→ WORKING DATA:

★ ★ ★ ★

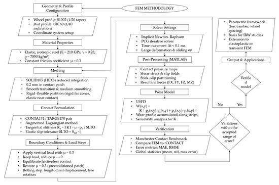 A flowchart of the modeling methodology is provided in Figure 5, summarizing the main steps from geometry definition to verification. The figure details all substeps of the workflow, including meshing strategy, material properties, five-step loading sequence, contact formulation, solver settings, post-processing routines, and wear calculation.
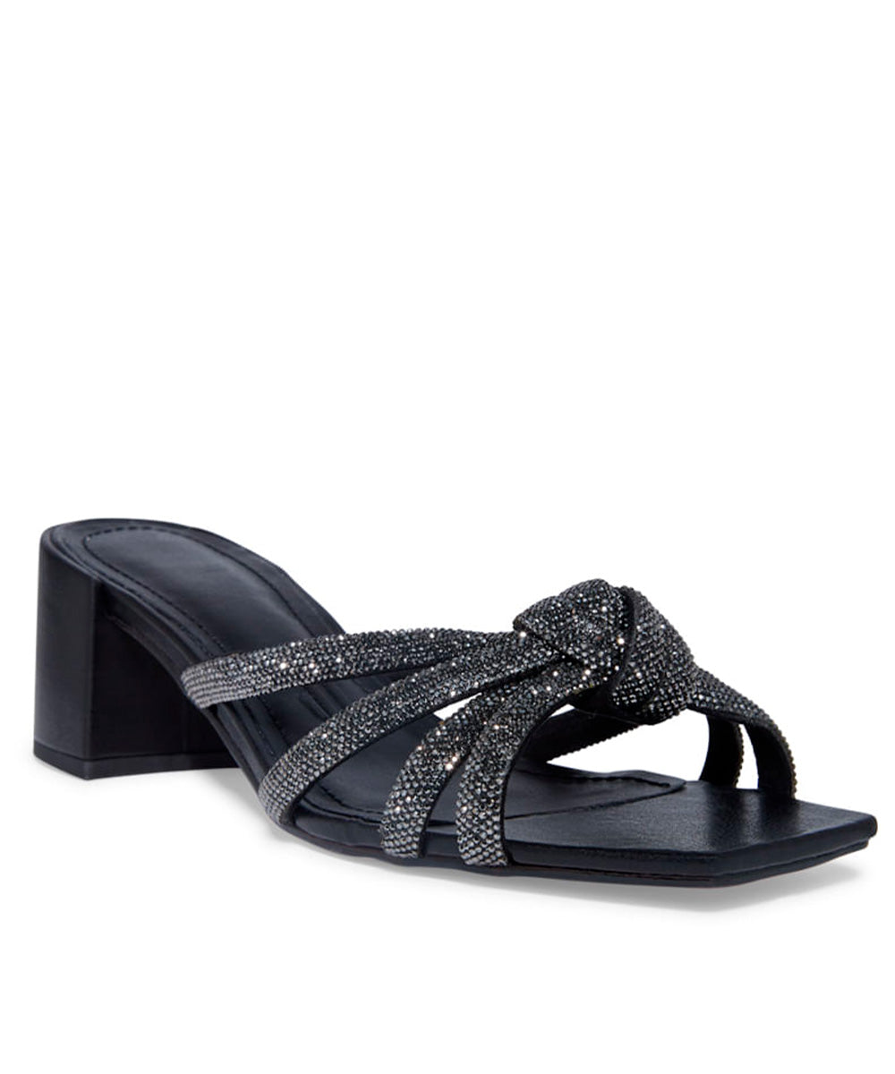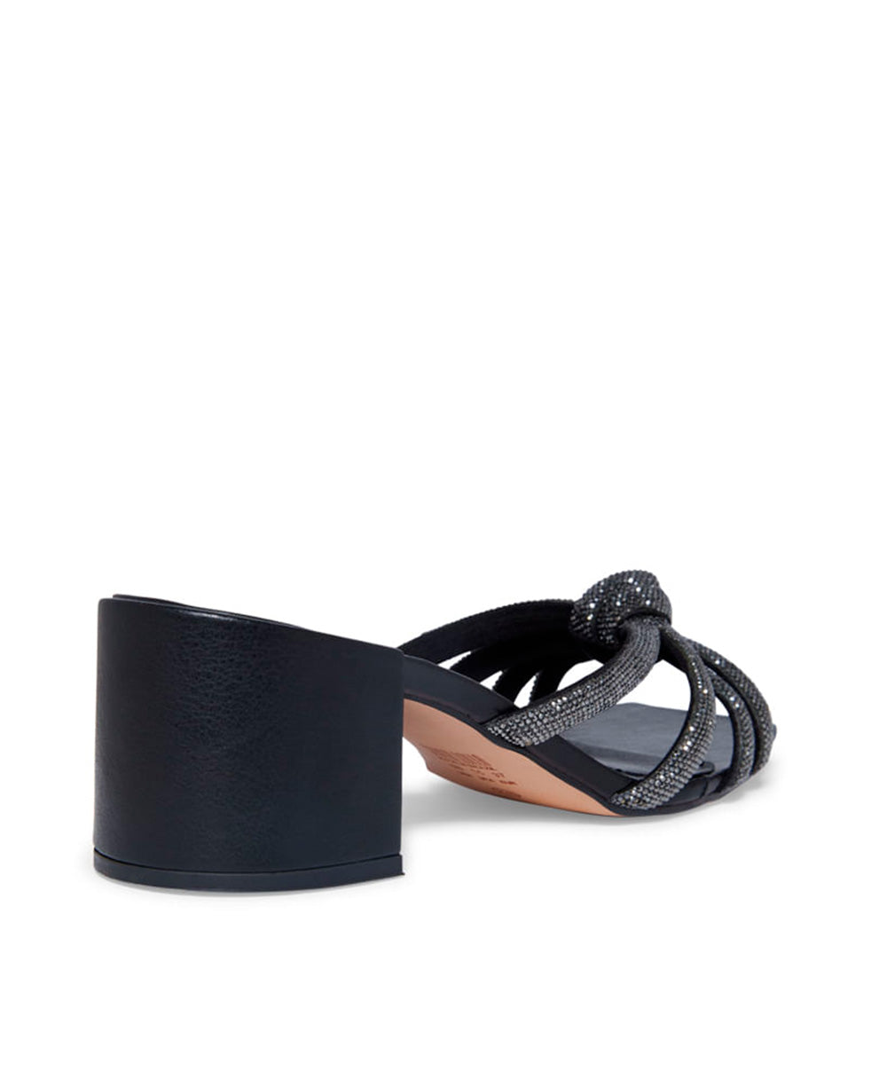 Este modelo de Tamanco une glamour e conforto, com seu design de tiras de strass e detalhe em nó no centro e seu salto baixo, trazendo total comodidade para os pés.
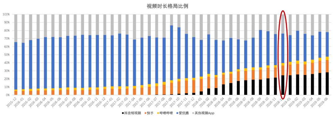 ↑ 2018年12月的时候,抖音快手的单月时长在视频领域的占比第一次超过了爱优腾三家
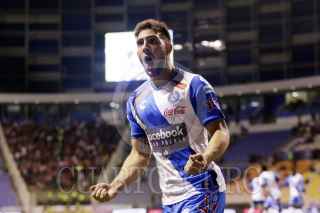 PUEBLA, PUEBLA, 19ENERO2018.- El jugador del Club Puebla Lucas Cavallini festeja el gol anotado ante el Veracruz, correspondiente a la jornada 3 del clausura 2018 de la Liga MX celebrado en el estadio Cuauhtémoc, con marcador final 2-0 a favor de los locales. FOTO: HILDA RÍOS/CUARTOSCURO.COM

★ ★ ★ ★

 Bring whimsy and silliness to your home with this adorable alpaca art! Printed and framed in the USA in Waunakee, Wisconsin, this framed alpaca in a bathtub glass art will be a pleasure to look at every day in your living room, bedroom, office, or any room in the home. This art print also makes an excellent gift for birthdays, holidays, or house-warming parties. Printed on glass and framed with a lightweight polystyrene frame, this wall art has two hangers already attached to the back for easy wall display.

★ ★ ★ ★

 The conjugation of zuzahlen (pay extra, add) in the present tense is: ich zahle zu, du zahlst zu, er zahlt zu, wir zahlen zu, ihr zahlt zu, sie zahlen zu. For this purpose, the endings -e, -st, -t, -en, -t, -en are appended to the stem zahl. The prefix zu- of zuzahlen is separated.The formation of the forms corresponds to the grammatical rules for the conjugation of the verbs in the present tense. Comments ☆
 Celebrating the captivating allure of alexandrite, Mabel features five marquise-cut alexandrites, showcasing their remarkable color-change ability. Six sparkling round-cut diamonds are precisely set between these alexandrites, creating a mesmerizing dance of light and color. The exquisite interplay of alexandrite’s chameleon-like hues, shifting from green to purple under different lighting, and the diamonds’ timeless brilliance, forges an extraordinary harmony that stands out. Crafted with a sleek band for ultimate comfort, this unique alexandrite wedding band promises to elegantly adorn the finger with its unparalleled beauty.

★ ★ ★ ★

→ INSTRUCTIONS FOR THE TASK: Would you please reproduce the entries above, starting at the line with "A flowchart of" and stopping after the line with "PUEBLA, PUEBLA, 19ENERO2018.- El"? Omit any pictures.

→ RESPONSE FOR THIS EXERCISE:
 A flowchart of the modeling methodology is provided in Figure 5, summarizing the main steps from geometry definition to verification. The figure details all substeps of the workflow, including meshing strategy, material properties, five-step loading sequence, contact formulation, solver settings, post-processing routines, and wear calculation.
 Este modelo de Tamanco une glamour e conforto, com seu design de tiras de strass e detalhe em nó no centro e seu salto baixo, trazendo total comodidade para os pés.
 ↑ 2018年12月的时候,抖音快手的单月时长在视频领域的占比第一次超过了爱优腾三家
 PUEBLA, PUEBLA, 19ENERO2018.- El jugador del Club Puebla Lucas Cavallini festeja el gol anotado ante el Veracruz, correspondiente a la jornada 3 del clausura 2018 de la Liga MX celebrado en el estadio Cuauhtémoc, con marcador final 2-0 a favor de los locales. FOTO: HILDA RÍOS/CUARTOSCURO.COM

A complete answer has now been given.